Other than medicine, where else do you think CRISPR could be transformative?
Agriculture is the other area where it’s going to be impactful. We’re already seeing a lot of use of CRISPR in making plants that have genetic changes that can enable things like better crop yield, resistance to drought, higher levels of nutritional value, things like that. I think that’s really exciting, and there’s clearly a lot more to be done there. That’s likely to be the area where we’ll see a broader impact in the near term.
Given CRISPR’s potential for misuse, how do you think it should be regulated?

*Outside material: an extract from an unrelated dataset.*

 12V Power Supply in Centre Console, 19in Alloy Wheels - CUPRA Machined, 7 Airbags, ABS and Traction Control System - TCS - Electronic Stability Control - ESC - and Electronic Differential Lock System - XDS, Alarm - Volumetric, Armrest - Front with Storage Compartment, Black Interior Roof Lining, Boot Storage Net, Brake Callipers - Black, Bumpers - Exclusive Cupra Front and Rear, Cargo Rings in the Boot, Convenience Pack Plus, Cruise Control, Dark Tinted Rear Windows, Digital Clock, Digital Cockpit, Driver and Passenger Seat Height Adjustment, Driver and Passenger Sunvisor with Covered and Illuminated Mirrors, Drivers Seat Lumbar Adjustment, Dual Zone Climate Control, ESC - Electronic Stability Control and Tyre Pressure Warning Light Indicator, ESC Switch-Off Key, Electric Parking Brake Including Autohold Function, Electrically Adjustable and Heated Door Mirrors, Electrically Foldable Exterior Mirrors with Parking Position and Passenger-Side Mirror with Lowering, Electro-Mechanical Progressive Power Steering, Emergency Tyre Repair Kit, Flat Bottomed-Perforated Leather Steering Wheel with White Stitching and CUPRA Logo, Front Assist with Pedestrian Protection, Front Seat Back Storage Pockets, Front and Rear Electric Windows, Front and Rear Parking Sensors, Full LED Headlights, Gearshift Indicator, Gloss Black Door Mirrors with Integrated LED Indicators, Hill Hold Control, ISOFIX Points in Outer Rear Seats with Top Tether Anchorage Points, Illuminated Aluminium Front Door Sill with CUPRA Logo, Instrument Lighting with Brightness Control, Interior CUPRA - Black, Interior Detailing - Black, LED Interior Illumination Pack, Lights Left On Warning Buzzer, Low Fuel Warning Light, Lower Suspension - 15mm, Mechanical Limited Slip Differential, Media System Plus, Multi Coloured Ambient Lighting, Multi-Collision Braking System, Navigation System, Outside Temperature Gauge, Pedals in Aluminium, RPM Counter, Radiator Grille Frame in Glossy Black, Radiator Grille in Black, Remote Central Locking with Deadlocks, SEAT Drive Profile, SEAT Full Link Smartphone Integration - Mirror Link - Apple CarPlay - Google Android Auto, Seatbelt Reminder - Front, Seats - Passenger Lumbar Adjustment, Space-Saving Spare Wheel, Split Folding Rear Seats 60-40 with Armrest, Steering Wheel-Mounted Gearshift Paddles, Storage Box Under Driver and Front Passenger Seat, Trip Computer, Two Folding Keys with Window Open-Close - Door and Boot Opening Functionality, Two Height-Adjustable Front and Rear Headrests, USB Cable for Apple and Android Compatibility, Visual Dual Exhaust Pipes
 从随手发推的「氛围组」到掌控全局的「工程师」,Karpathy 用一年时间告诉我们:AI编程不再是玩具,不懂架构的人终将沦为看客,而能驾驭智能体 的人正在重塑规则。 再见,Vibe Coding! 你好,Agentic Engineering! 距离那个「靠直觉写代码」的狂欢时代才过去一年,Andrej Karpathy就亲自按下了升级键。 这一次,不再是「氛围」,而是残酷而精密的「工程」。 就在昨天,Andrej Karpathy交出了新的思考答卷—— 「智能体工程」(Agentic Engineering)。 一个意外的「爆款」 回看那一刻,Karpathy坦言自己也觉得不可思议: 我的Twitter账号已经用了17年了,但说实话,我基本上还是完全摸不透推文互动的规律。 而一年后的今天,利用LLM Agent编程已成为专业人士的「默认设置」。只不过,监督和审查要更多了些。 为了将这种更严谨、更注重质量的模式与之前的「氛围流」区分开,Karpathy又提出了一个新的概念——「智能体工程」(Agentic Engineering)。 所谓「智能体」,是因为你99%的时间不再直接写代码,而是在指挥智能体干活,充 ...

Fortunately, I think there’s quite a good regulatory framework in the United States and in most places that have major research operations that can serve to regulate the use of CRISPR. That really goes back to the 1970s [at the Asilomar Conference on Recombinant DNA], when voluntary guidelines were put in place for using some of these early tools of molecular biology, like molecular cloning. That being said, as we discussed, there are certain applications of CRISPR like in human embryos, where I think there needs to be special attention.
Who are the CRISPR scientists you really admire?

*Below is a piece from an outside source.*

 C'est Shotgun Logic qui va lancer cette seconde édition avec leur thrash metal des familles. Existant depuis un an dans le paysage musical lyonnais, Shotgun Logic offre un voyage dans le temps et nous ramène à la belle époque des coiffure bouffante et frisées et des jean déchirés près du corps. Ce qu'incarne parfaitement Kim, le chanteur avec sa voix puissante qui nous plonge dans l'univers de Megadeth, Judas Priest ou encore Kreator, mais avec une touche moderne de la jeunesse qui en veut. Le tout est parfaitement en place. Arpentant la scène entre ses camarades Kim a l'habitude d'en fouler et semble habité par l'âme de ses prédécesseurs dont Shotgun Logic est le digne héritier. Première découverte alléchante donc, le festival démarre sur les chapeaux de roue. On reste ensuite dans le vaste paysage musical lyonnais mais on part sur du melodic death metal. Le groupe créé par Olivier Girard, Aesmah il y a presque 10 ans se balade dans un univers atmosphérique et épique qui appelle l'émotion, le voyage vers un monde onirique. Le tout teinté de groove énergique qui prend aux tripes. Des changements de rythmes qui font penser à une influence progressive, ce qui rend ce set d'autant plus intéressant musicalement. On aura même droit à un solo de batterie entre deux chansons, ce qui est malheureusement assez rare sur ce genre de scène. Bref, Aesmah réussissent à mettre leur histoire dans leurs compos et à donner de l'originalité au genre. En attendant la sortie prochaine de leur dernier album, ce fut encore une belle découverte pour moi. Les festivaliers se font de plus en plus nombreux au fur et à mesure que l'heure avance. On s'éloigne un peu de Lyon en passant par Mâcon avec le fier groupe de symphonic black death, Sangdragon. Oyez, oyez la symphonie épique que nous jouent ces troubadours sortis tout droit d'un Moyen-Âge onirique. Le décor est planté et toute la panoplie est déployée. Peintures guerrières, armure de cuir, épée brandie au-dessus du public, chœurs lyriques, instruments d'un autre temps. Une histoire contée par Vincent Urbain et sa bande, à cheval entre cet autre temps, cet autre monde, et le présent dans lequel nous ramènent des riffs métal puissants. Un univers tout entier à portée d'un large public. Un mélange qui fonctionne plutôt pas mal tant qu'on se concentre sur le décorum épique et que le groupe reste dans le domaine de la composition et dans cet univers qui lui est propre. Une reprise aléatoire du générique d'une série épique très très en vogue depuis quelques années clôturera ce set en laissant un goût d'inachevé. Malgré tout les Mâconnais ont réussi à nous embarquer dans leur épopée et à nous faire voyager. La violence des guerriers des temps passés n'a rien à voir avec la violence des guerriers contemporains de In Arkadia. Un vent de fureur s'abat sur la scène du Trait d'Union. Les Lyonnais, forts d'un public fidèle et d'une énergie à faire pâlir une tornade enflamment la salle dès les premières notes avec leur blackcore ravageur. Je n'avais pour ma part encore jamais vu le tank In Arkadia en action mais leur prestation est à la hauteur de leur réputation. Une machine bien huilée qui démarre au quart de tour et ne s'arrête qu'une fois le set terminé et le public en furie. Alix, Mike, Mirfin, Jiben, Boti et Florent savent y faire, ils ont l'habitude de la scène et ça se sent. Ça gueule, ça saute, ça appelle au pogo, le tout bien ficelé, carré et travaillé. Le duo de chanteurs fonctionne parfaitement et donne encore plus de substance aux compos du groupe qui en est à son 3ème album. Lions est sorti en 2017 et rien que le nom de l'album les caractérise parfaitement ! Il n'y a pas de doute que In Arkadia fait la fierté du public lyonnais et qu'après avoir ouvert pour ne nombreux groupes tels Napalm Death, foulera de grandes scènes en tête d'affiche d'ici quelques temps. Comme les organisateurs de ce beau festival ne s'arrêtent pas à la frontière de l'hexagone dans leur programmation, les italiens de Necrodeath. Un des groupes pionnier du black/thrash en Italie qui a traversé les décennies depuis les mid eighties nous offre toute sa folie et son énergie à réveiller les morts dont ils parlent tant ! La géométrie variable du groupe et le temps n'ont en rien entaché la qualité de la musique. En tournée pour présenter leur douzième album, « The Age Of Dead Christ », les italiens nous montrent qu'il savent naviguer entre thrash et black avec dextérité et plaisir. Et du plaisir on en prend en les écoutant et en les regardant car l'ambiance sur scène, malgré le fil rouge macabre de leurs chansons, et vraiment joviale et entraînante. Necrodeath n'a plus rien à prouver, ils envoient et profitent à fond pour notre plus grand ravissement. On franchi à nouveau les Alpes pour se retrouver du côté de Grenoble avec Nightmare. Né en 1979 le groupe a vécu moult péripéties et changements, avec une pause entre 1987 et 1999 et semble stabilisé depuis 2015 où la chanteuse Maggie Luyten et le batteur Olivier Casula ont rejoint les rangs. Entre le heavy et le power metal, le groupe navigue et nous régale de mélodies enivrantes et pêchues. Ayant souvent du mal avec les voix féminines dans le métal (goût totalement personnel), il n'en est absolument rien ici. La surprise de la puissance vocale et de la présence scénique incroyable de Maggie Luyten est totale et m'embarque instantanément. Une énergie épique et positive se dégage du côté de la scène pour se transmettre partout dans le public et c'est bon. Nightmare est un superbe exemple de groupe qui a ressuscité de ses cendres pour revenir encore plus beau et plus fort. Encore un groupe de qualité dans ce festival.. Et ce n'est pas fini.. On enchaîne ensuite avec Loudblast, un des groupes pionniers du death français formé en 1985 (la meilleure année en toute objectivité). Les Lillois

Many. It’s become a huge field. It used to be tiny, and now it’s vast. One is Luciano Marraffini. He’s a scientist at Rockefeller University. He works on the fundamentals of CRISPR biology and understanding how it works in bacteria as an immune system. Jill Banfield at Berkeley is continuing to do work on bacteria that are not cultured in the lab but are growing in various environmental niches. She was one of the very early discoverers of CRISPR systems and bacteria, and she continues to find a lot of new ones. In plant biology, I really like the work of Pamela Ronald at the University of California, Davis. She’s doing work primarily in rice, where they are using CRISPR to make modifications to the rice genome that I think are going to be really important as rice farmers face the challenges of climate change. On the biomedical side, I’m really excited about the work of Charles Gersbach at Duke University.
What’s next for you?
CRISPR is going to keep us busy for a while. There are still a lot of fundamental questions about how these pathways operate that I really like to try to answer. Jill Banfield is a close collaborator of ours, and she continues to supply us with many, many new CRISPR pathways that we’re excited to investigate. We’re also really interested in genome editing in natural microbial communities. I think there’s a really interesting opportunity to be able to manipulate certain microbes. I think those are areas where I’ll be focusing my efforts in the near term.